> _What is being asked_:
Output exactly, and only, the lines below from the one with "Nikmati sensasi menaklukkan" down to the one with "BLANK INTERIOR FOR". Include both end lines and no pictures.
Records supplied Start Marker
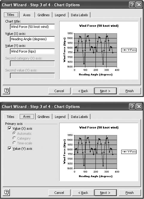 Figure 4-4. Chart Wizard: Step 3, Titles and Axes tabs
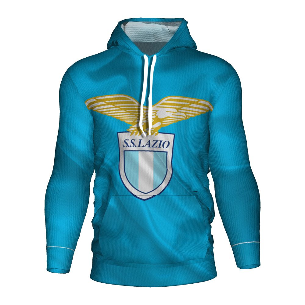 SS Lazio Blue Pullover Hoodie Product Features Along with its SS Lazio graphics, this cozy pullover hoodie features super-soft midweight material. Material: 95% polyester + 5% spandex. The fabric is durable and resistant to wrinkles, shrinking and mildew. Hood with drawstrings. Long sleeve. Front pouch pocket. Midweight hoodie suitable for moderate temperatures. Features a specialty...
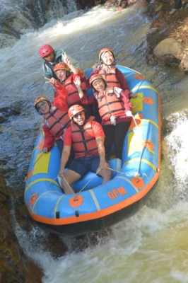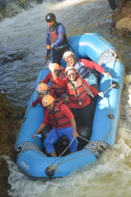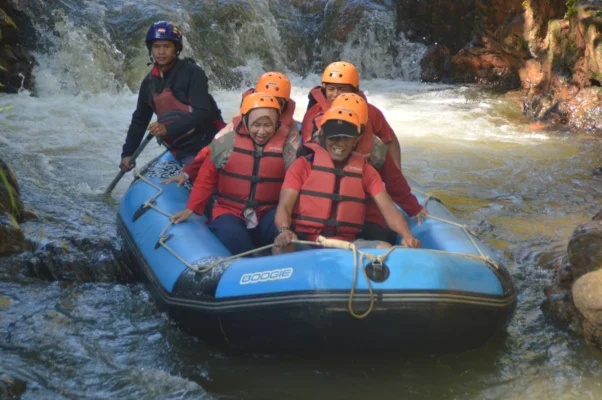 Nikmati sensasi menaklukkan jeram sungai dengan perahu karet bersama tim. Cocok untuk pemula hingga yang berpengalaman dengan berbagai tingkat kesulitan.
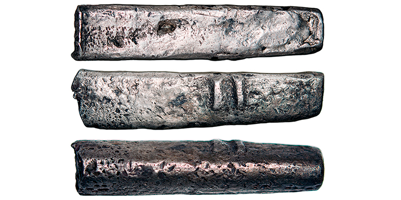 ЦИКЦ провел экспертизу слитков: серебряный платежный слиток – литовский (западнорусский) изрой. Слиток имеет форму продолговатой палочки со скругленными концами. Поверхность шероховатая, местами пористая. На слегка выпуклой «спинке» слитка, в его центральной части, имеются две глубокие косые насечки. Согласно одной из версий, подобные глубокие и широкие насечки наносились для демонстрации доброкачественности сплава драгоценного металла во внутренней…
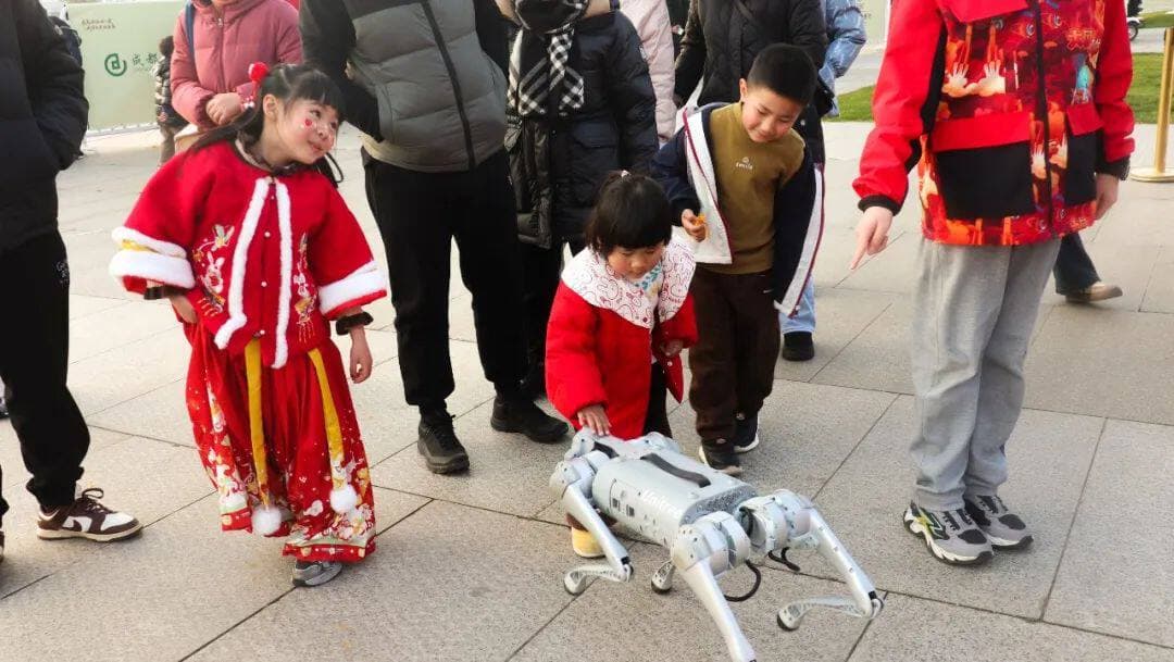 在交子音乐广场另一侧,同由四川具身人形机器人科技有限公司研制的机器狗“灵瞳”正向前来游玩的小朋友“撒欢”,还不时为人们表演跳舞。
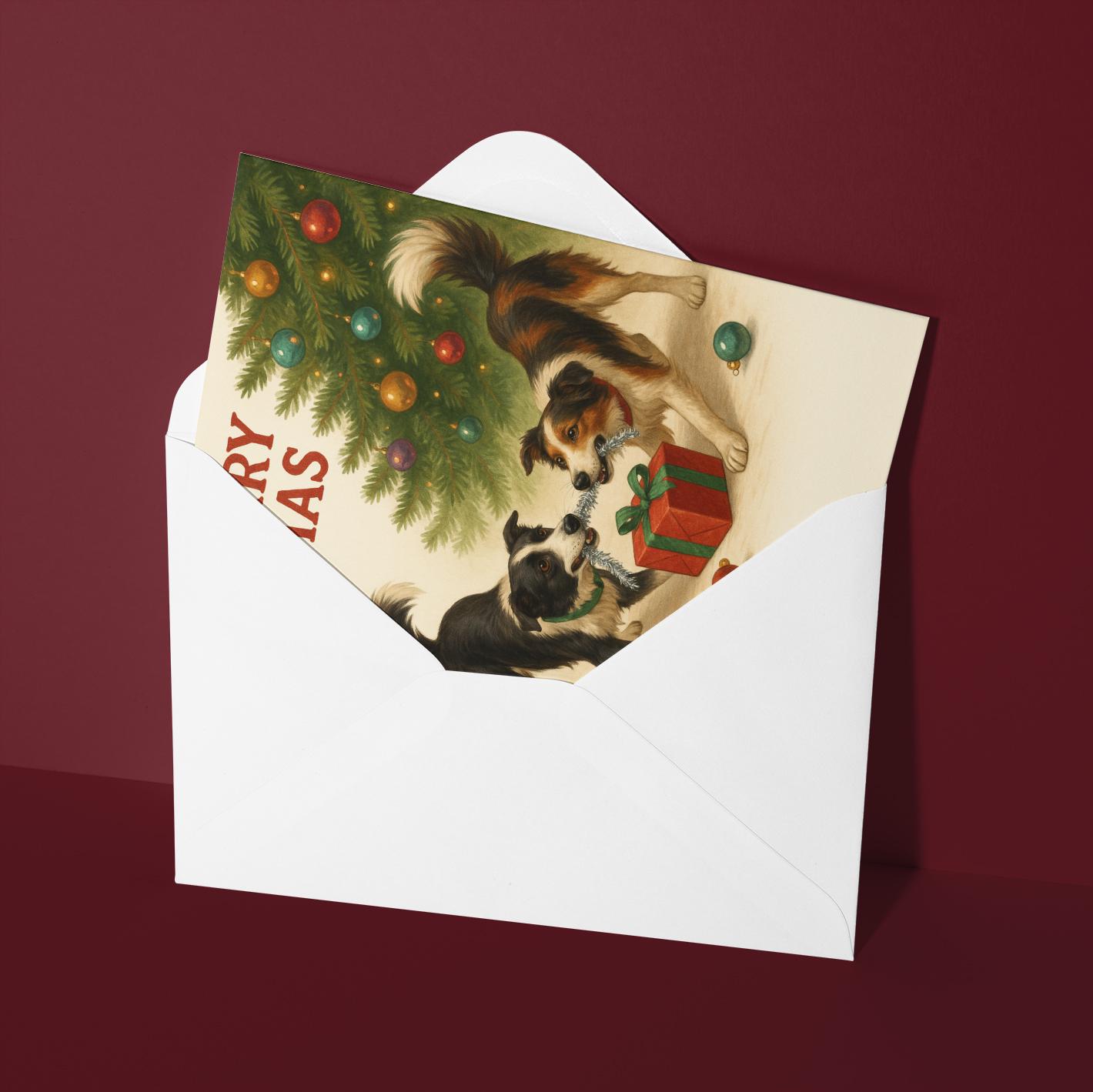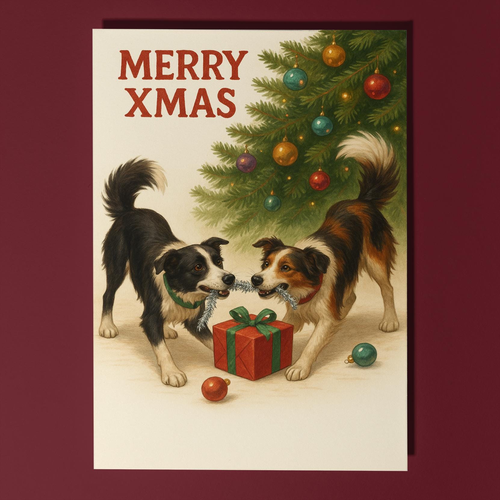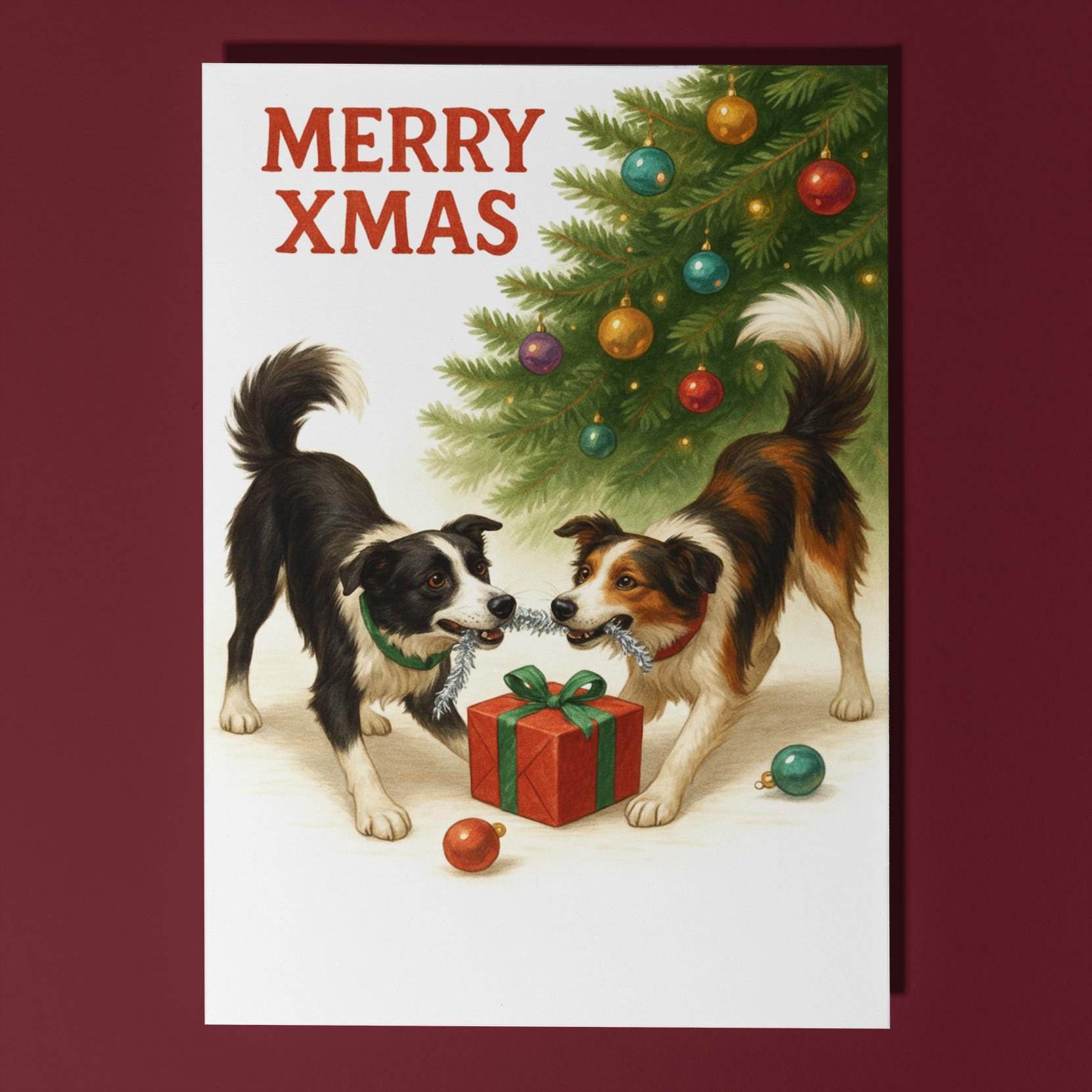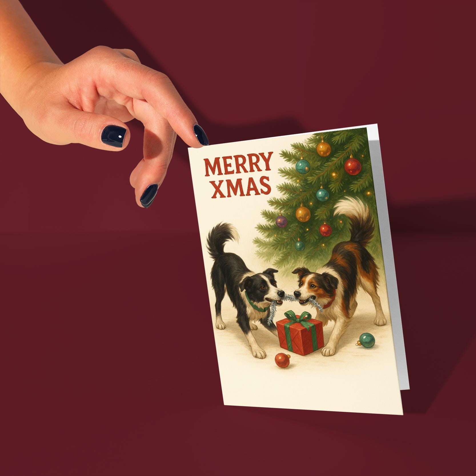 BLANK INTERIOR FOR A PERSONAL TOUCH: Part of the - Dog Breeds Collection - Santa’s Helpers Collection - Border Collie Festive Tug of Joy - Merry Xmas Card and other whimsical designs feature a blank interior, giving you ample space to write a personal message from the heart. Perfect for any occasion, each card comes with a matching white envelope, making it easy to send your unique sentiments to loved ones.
Records supplied End Marker
Records supplied Start Marker
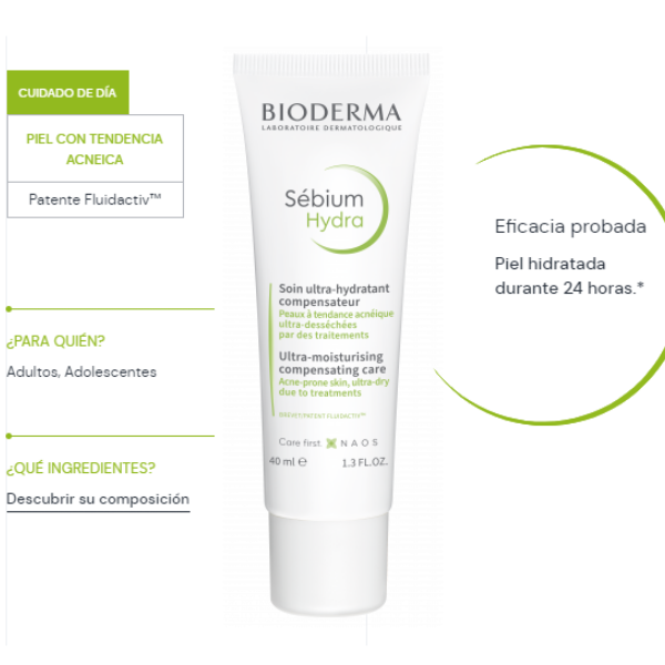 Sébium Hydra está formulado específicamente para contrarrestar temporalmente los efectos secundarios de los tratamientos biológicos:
Records supplied End Marker
Records supplied Start Marker
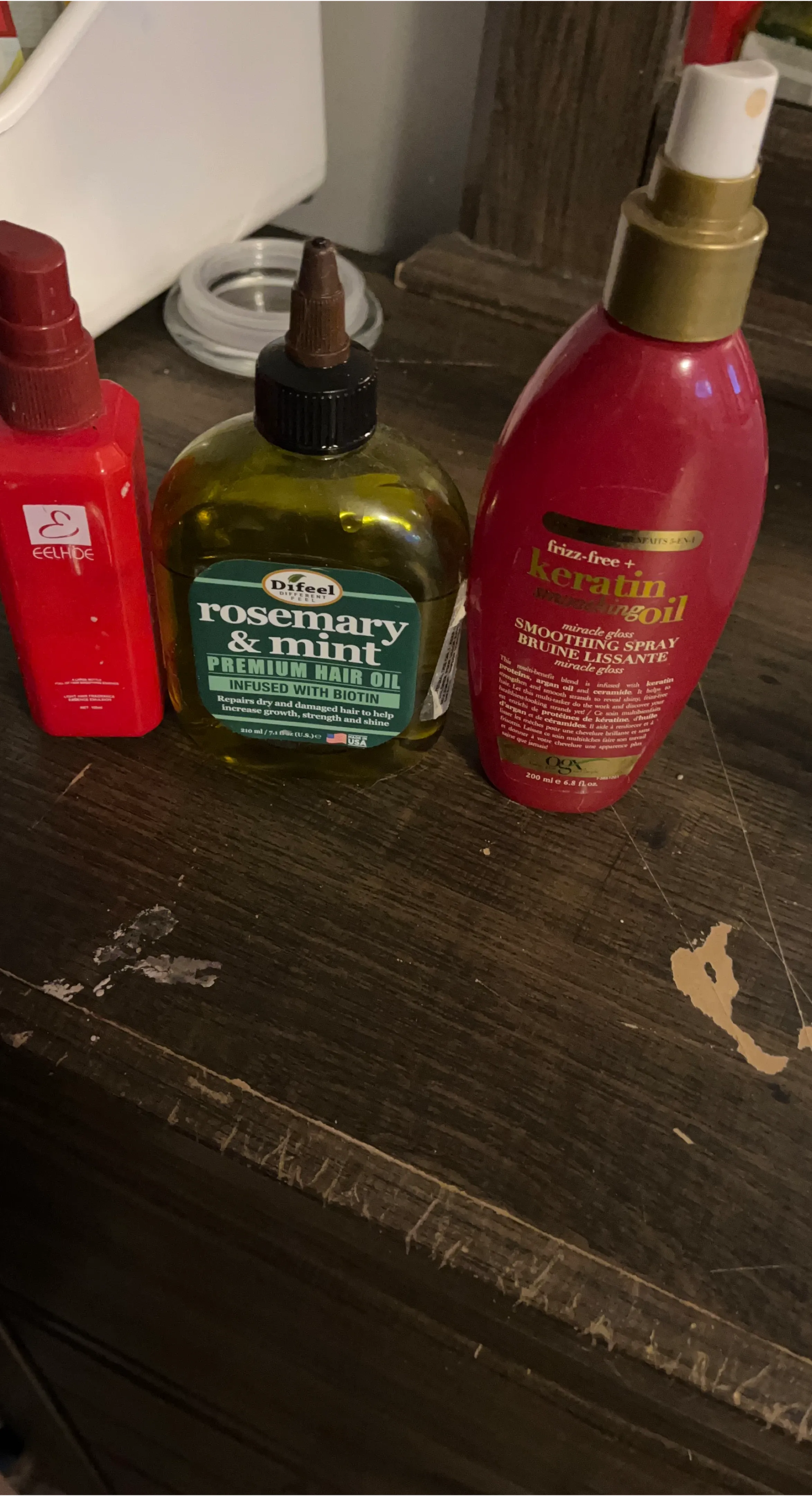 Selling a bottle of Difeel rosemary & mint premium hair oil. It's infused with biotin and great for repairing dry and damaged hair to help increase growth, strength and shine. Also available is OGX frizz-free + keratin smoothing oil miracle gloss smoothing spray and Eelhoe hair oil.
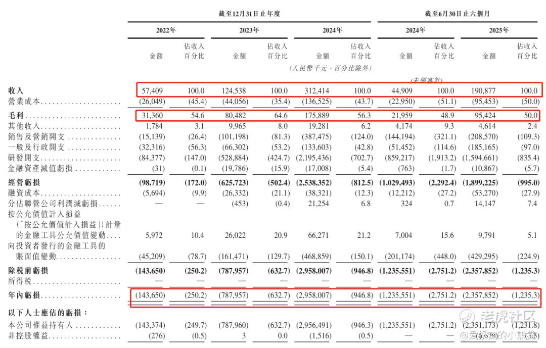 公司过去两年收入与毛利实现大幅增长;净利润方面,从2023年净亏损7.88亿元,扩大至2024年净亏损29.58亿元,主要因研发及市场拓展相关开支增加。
Records supplied End Marker
> _Answer space_:
 Nikmati sensasi menaklukkan jeram sungai dengan perahu karet bersama tim. Cocok untuk pemula hingga yang berpengalaman dengan berbagai tingkat kesulitan.
 ЦИКЦ провел экспертизу слитков: серебряный платежный слиток – литовский (западнорусский) изрой. Слиток имеет форму продолговатой палочки со скругленными концами. Поверхность шероховатая, местами пористая. На слегка выпуклой «спинке» слитка, в его центральной части, имеются две глубокие косые насечки. Согласно одной из версий, подобные глубокие и широкие насечки наносились для демонстрации доброкачественности сплава драгоценного металла во внутренней…
 在交子音乐广场另一侧,同由四川具身人形机器人科技有限公司研制的机器狗“灵瞳”正向前来游玩的小朋友“撒欢”,还不时为人们表演跳舞。
 BLANK INTERIOR FOR A PERSONAL TOUCH: Part of the - Dog Breeds Collection - Santa’s Helpers Collection - Border Collie Festive Tug of Joy - Merry Xmas Card and other whimsical designs feature a blank interior, giving you ample space to write a personal message from the heart. Perfect for any occasion, each card comes with a matching white envelope, making it easy to send your unique sentiments to loved ones.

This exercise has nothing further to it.